Celia says he’s probably old enough to be my father. He doesn’t look it. And so what if he is?
LEWIS
I about choked on my coffee when she walked in. Beautiful. I hustled over before Ruth could wait on her. Don’t run. Stay cool. I didn’t want to act a fool even though I knew it was love at first sight.
When she said she was looking for a copy of Douglass’s Narrative, I knew we were connected. This was no accident. Miss Bettie Logan came to my store for a reason.
Calvin
Pop and me go back to that bookstore. I’m not sure what changed his mind. Maybe Gran. I don’t care why.
I say, “Thanks, Pop.”
He smiles and says, “What was it that man said last time, ‘If you don’t know...”
“You can’t go.”
* * *
The bookman is Mr. Michaux.
His store doesn’t look very big from the outside, but inside, it goes on forever. It’s skinny but goes way back. It’s jammed with books, posters, pictures, and there’re people all over, so it’s hard to get through the aisles. Picking a book, it could take all day. There are so many, everywhere—along the walls almost up to the ceiling, stacked on tables, and even on the floor. I have to watch so I don’t trip as we make our way toward the back.
High up on the walls I see faces, paintings of black people. They look like they’re watching over us. Pop reminds me who a few of them are, but some we don’t know. Mr. Michaux says they’re our ancestors.
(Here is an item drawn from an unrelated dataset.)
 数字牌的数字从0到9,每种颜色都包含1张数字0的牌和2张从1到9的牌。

Pop says, “My boy’s been worrying me about coming here. We heard you talking outside the store a couple of weeks ago.” He nods his head toward me. “Look at him. What kind of book do you think this boy should have?”
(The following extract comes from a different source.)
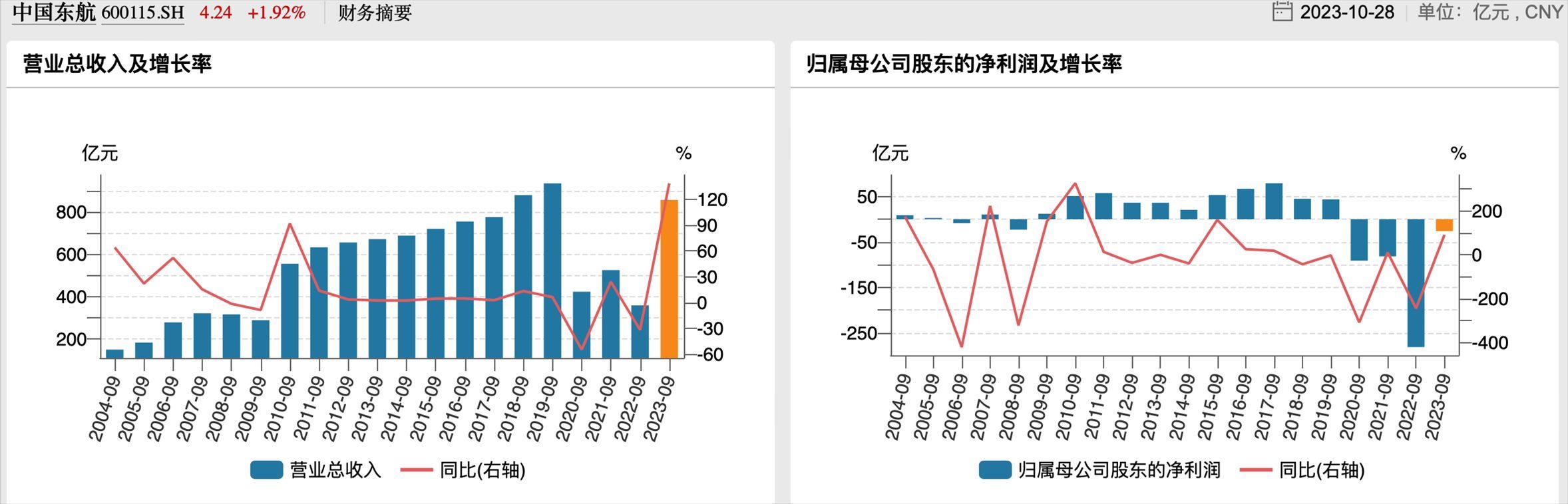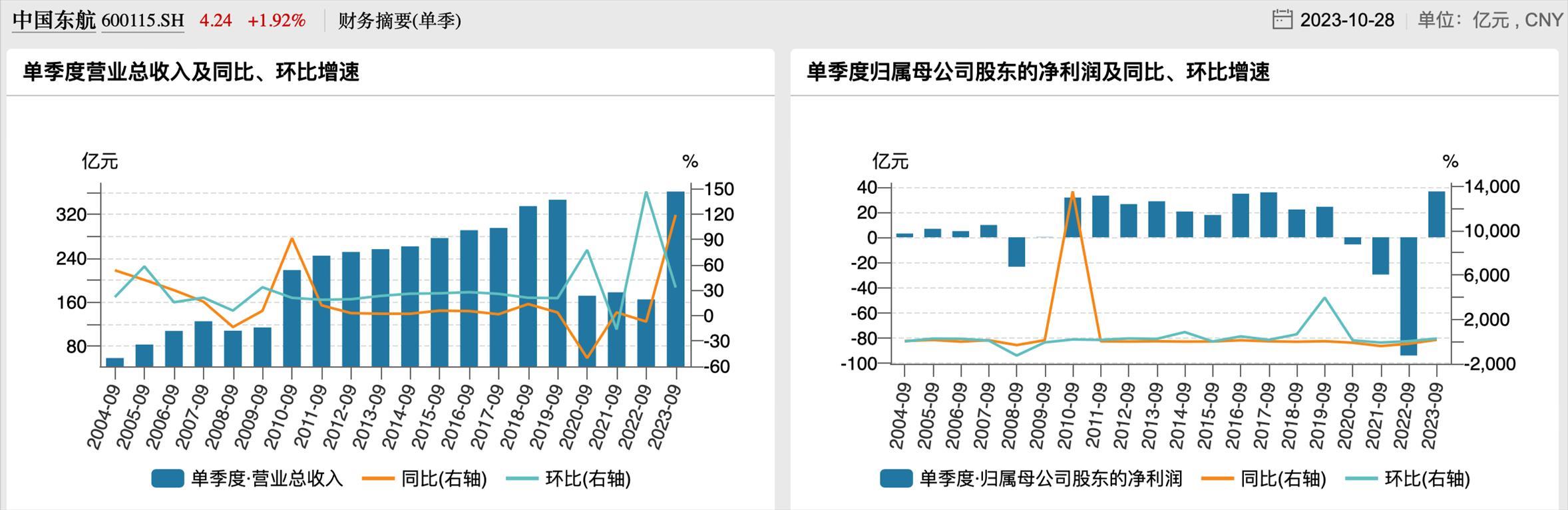 東航三季度營收、凈利創(chuàng)歷史同期新高。前三季度營收恢復(fù)至疫情前水平但仍低于2018、2019年,前三季度東航仍未扭虧,但同比已大幅減虧。

Mr. Michaux looks real close at my face. He asks to see my hands, tells me to hold them out in front of me.
“Steady,” he says. Then he looks at Pop. “This boy should be a doctor.”
A doctor! I wonder if I really could?
“Do you have any books on medicine?” Pop asks.
Mr. Michaux goes searching on the shelves and finds a book called The Negro in Medicine.
Pop buys it for me. He doesn’t ask if I could read it in the store. He doesn’t even ask to buy it on time.
BETTIE
Lewis finally asked me to dinner. Celia was right. He is old enough to be my father—fifty-seven. But he’s youthful in both mind and body. And the extra years have given him a wisdom that younger men haven’t yet attained.
After hearing someone in the store call him Professor, I asked what university he’d attended. He said comfortably that he hasn’t had much formal education. It was refreshing to get an honest and unapologetic answer. Lewis may not have a degree, but he’s far from unintelligent. In many ways, he has more sense than most of the educated men I know. At first I wondered how much more remarkable Lewis would be if he had gone to a university. But a university would have produced a different man. Lewis Michaux went to school on books and experience, without the guidance or direction of academic snobs. He chose his own path. Conceived his own interpretations. Shaped his own conclusions. This is why I think he’s at home in his own skin. He hasn’t settled for or conformed to anyone else’s views or rules.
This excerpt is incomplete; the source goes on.